I am a beginner in C++ and I have a doubt. If I have a code like this:

int* f(int n){               //global

int* arr = new int[n];
for(int i=0;i<n;i++)
arr[i]=i;

return arr;
}

void main() {

int n;
scanf("%d",&n);


int* arr1 = new int;  //or should I write just int* arr1; ?
arr1 = f(n);

delete [] arr1;  // or just delete arr1;
}

The question is should I delete arr1 as array or not since I declared it as pointer to int? The code doesn't make much sense but it is good as an example. I know there are a lot of similar question but I could not find the exact answer to my question.

Was it helpful?

Solution

If the allocation was made with new <type>[n] then the deallocation must be made with delete [].

All that counts when determining the correct form of delete is the form of new that was used in the allocation.

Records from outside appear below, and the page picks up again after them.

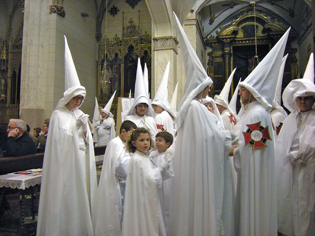 Last night, the first of this year’s Easter processions was held in Felanitx, the Processó del Silenci (Procesión del Silencio, Silent Procession). The procession started with a congregation at the parish church of Sant Miquel, where my photo was taken, and proceeded through the narrow streets of the town centre of Felanitx to the Convent de Sant Agustí. There was no sound other than a throbbing drum beat. A solemn affair.
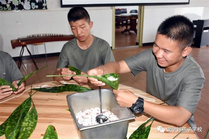 上午9時,在莊嚴的升旗儀式后,師生們開始熱火朝天地包起了粽子。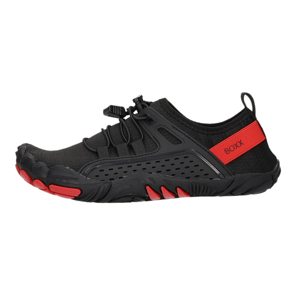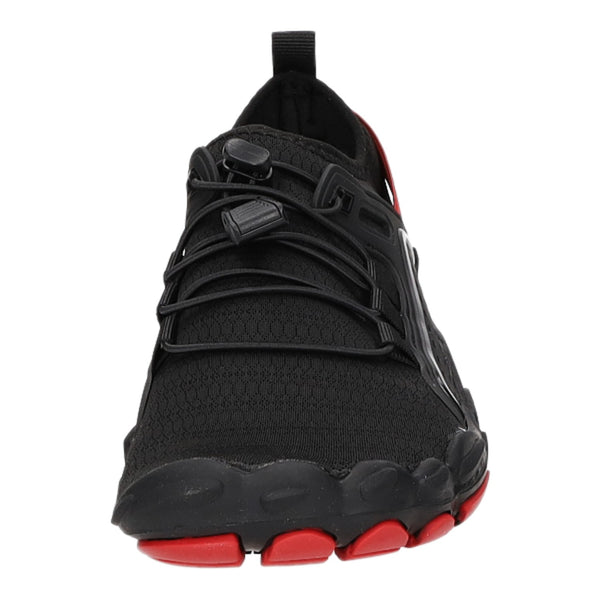 Dieses Obermaterial ist ein modisches Statement! Gefertigt aus schwarz/rotem Textil.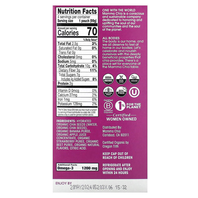 Mamma Chia, Organic Chia Squeeze Vitality Snack, Strawberry Banana, 4 Pack, 3.5 oz (99 g) Each Sale

In your main function, you leak memory. You initialize arr1 with a call to new and then immediately overwrite that value with the new pointer returned by the call to f(). The call to new from main is simply wrong and should be removed. Write it simply like this:

int* arr1 = f(n);

And your main should be

int main()

OTHER TIPS

Write

int* arr1 = f(n);

and later

delete[] arr1;

the array object is allocated in f(), and delete deletes it. The pointer itself can not be deleted, just the object(array) it points to.